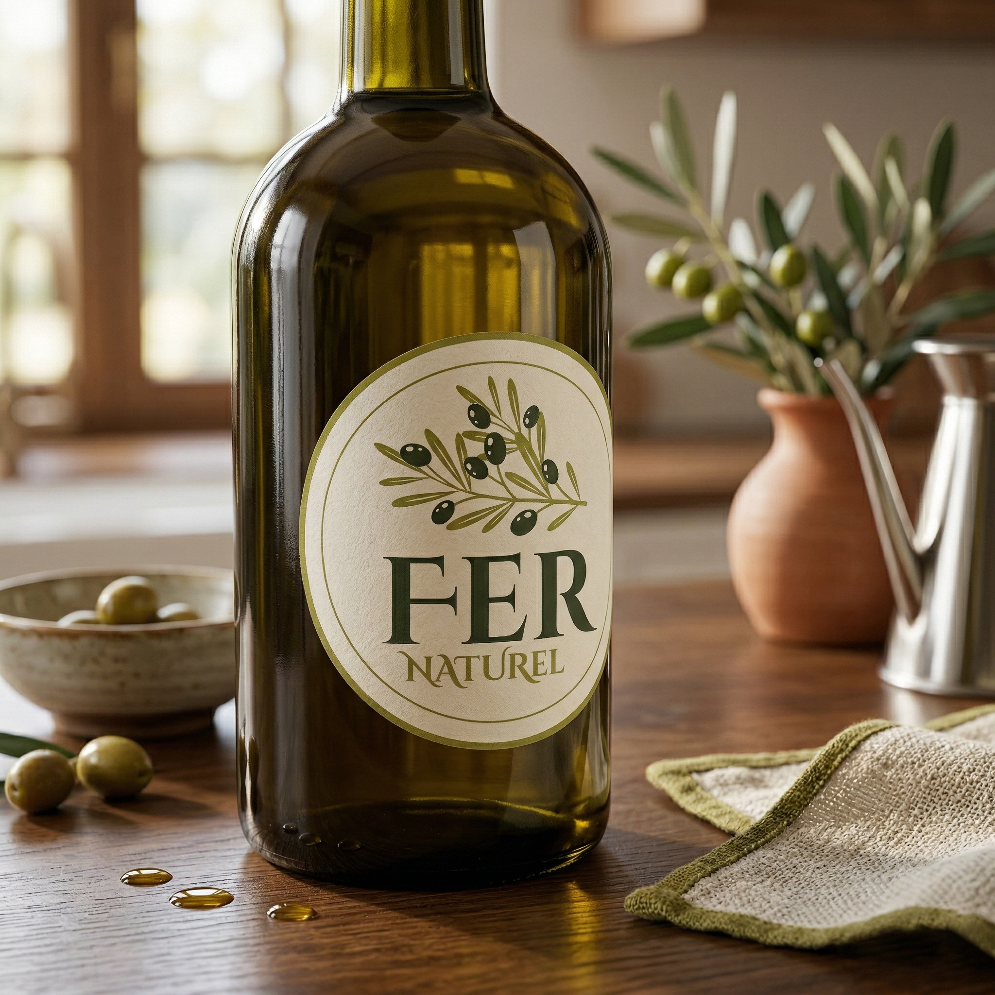Logo, dairesel bir mühür formunda kurgulanarak ürünün güvenilirliğini ve kalıcılığını simgeliyor. Merkezde yer alan illüstratif zeytin dalı, ürünün kaynağına olan bağlılığını ifade ederken, kullanılan renk paleti tamamen doğanın içinden seçildi.
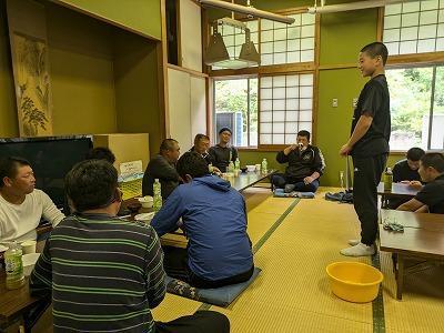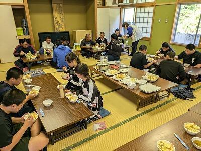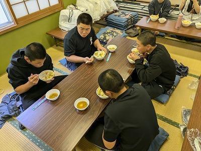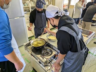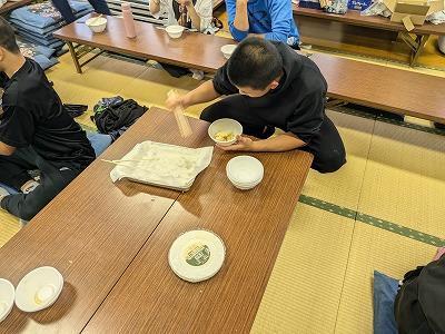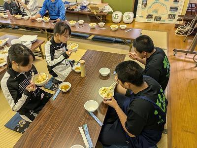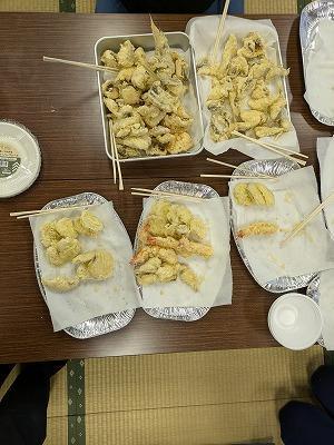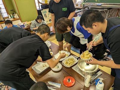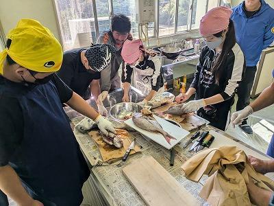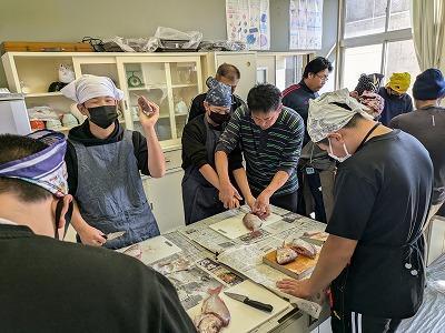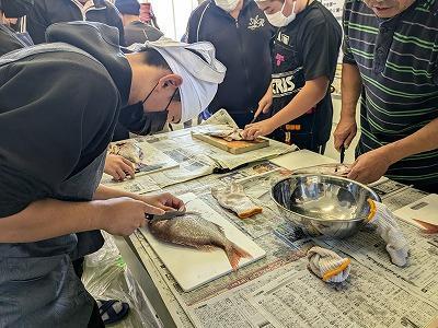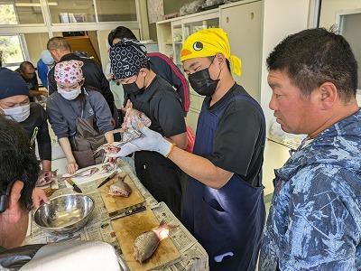 つぎ沼島の漁業の未来を担う若き漁師さん9名を講師に迎え、今年も立派な「タイ」を相手に魚捌き教室です。力自慢も多い生徒ですが、力任せではどうもうまくいかないようです。グニグニと押したり引いたりしてもうまくいきません。コツを伝授いただきだんだんとさばけるようになり、何とか給食に間に合いました。今日のメニューは「鯛、エビ、自家製サツマイモ、玉ねぎの天丼」「鯛のアラ味噌汁」でした。私もご相伴させてもらいました。大変おいしかったです。
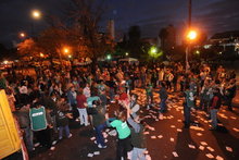 Después de una extensa jornada de lucha y participación, cientos de compañeros se aprontaban para cenar un rico guiso en la olla popular instalada en la plaza.
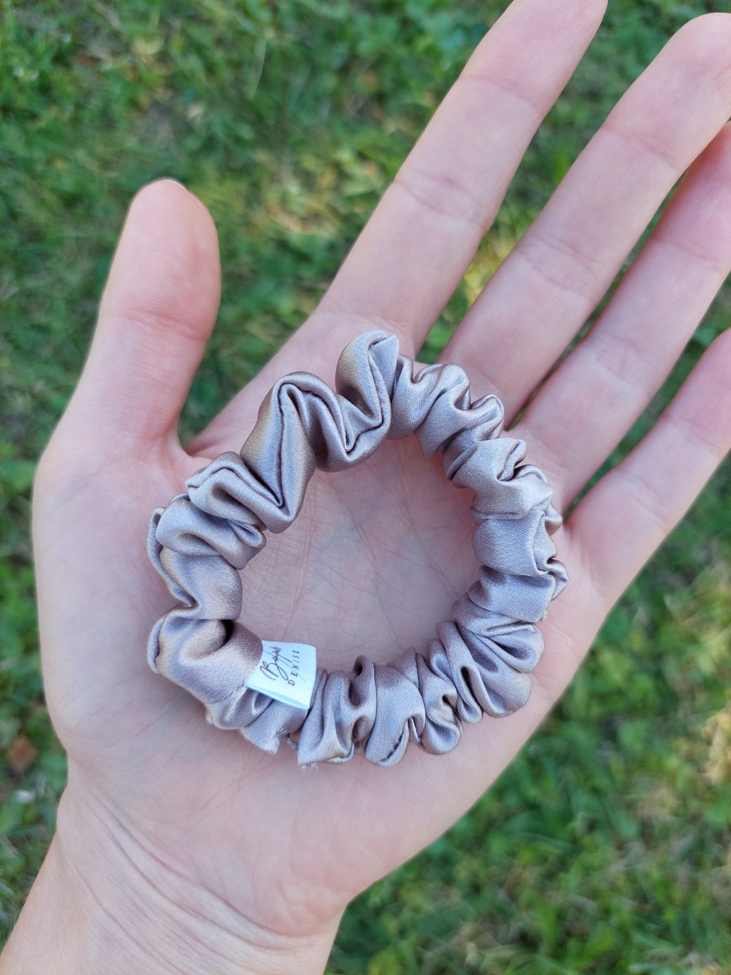 Tato scrunchie gumička je vyrobena ze 100% hedvábí, což z ní dělá jedinečný a luxusní doplněk pro vaše vlasy. Její krásná hnšdošedá barva dodá vašim účesům jemnost.

● ● ● ●

_EXERCISE AIM:_
Here the job is to quote the lines from the one with "Después de una" through the end of the material, both included, exactly; please skip the pictures.

_EXERCISE RESPONSE:_
 Después de una extensa jornada de lucha y participación, cientos de compañeros se aprontaban para cenar un rico guiso en la olla popular instalada en la plaza.
 Tato scrunchie gumička je vyrobena ze 100% hedvábí, což z ní dělá jedinečný a luxusní doplněk pro vaše vlasy. Její krásná hnšdošedá barva dodá vašim účesům jemnost.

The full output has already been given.